#### Prompt
Exactly the lines below from the one with "[스포츠조선 최문영 기자]" up to and including the one with "Badmöbel für Aufsatzwaschbecken" make up the answer, with nothing else added.

#### Record extracts

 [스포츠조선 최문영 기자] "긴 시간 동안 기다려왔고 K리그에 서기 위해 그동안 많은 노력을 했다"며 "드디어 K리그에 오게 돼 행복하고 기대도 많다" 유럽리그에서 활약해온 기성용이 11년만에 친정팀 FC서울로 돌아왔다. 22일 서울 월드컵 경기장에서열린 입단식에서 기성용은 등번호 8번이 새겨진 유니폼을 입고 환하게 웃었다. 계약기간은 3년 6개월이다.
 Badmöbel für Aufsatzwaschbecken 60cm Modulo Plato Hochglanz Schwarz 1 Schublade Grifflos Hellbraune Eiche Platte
--
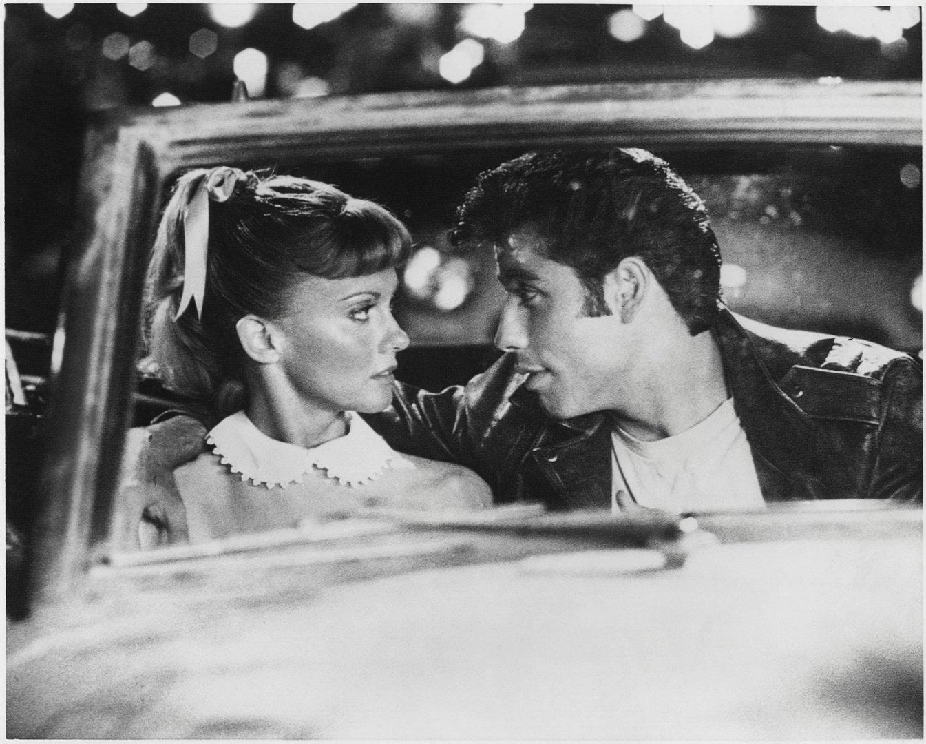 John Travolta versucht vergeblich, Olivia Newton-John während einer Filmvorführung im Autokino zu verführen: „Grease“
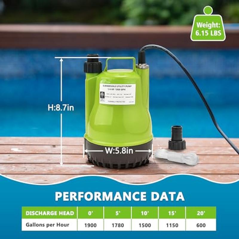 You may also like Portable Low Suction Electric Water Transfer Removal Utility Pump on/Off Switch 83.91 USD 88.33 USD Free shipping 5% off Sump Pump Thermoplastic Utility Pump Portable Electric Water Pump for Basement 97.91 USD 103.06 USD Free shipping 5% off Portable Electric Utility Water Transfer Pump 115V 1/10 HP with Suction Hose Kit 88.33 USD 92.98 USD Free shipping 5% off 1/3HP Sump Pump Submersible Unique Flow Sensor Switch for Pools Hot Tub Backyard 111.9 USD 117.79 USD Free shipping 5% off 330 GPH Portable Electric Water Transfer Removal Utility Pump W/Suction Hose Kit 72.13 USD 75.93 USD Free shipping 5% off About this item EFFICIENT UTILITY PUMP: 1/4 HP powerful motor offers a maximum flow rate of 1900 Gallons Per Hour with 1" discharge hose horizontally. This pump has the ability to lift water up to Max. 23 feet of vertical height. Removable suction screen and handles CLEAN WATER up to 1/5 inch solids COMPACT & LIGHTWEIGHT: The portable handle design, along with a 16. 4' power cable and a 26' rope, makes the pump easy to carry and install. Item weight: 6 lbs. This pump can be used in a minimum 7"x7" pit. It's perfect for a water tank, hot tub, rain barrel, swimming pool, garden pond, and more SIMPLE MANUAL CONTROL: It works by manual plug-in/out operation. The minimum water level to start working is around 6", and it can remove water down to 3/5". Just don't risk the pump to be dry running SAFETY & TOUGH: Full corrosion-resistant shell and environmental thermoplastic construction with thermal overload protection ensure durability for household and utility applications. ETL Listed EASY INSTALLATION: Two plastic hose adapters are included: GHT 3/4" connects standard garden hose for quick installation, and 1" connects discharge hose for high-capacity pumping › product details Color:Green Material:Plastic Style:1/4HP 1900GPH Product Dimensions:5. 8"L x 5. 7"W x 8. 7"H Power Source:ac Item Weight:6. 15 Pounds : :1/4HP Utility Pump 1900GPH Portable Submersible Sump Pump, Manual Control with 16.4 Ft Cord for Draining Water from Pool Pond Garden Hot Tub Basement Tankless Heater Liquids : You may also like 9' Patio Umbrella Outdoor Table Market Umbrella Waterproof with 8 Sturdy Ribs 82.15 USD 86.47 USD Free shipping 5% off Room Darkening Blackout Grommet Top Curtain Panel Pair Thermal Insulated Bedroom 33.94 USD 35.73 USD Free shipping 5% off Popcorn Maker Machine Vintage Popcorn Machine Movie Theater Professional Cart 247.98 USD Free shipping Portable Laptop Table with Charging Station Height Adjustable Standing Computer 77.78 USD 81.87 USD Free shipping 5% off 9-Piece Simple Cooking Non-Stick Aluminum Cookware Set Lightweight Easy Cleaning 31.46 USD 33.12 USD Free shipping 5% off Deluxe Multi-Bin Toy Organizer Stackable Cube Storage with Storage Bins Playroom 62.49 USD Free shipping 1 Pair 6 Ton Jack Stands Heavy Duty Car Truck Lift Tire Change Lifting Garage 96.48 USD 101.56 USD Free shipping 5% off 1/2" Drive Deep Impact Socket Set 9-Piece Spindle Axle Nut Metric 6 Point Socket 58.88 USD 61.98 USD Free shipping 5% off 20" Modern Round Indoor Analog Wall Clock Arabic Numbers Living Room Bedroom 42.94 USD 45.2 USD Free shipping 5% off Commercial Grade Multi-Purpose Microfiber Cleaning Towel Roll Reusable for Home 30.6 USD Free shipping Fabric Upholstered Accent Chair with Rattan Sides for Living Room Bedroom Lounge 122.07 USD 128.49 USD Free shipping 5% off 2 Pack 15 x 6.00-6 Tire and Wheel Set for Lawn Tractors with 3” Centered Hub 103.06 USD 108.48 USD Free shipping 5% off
* * *
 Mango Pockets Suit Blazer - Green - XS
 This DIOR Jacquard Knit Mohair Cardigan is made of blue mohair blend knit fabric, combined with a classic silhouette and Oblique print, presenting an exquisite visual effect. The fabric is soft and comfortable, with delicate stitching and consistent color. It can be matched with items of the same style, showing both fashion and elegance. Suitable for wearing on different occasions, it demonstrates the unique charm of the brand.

#### Response
 [스포츠조선 최문영 기자] "긴 시간 동안 기다려왔고 K리그에 서기 위해 그동안 많은 노력을 했다"며 "드디어 K리그에 오게 돼 행복하고 기대도 많다" 유럽리그에서 활약해온 기성용이 11년만에 친정팀 FC서울로 돌아왔다. 22일 서울 월드컵 경기장에서열린 입단식에서 기성용은 등번호 8번이 새겨진 유니폼을 입고 환하게 웃었다. 계약기간은 3년 6개월이다.
 Badmöbel für Aufsatzwaschbecken 60cm Modulo Plato Hochglanz Schwarz 1 Schublade Grifflos Hellbraune Eiche Platte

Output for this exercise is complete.